The root cause of this is due to the existing Ondat configuration file that is stored at the following location » var/lib/storageos/config.json on each node where Ondat daemonset pods runs. The configuration file is not removed to allow cluster administrators and end users to be able to successfully recover incase the uninstall was unintentional.

Resolution

  1. If you have already re-installed Ondat, follow the How To Uninstall Ondat operations page again to remove Ondat.
  2. Once Ondat has been removed, run the following command below against the cluster - the command will execute a bash script that deploys a daemonset which will remove the Ondat data directory » /var/lib/storageos/ - permanently deleting data and metadata related to Ondat on the nodes.
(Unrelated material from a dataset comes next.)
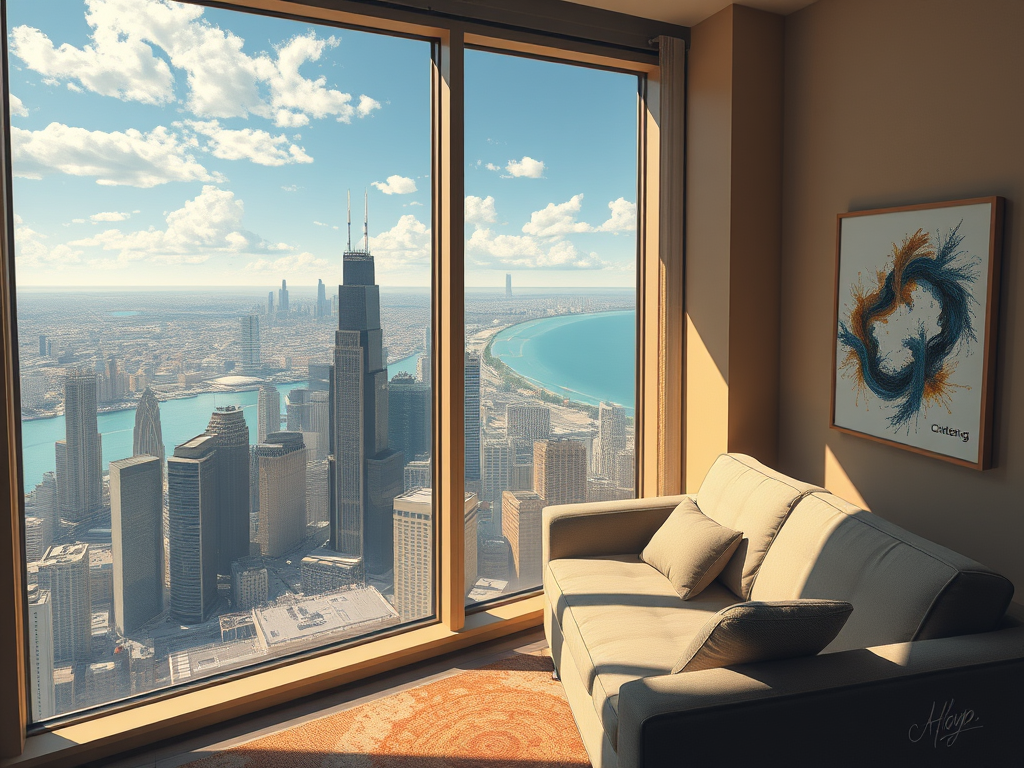 I surrender to the sun. Empty and nauseous. Dizzying heights in downtown Chicago. A pretty escape beckons. The lake out there a diamond blue. An apartment of glass, silent in the afternoon. A couch, a table, a pile of bullets. Too late now, you’re already three-quarters through. A piece of artwork on the wall is called Scattering. The city below is crawling like a machine. Everyone has somewhere to go. But why? Stand still in front of a window in a high-rise apartment building and look down instead. Stop moving. Stop panting. Stop ripping your soul out… Now what do I do?

⚠️ WARNING - This step is irreversible and will permanently remove any existing data in » /var/lib/storageos/. Ensure that you have backed up your data before executing this step. Users can also review the contents of the bash script which is available in the Ondat Use Case repository publicly available on GitHub to verify before executing.

# Permanetly delete the contents located in "/var/lib/storageos/".
curl --silent https://raw.githubusercontent.com/ondat/use-cases/main/scripts/permanently-delete-storageos-data.sh | bash
  1. Once the script has finished executing, you can re-install Ondat again into your cluster without experiencing CrashLoopBackOff states for Ondat daemonset pods - caused by an old var/lib/storageos/config.json configuration file.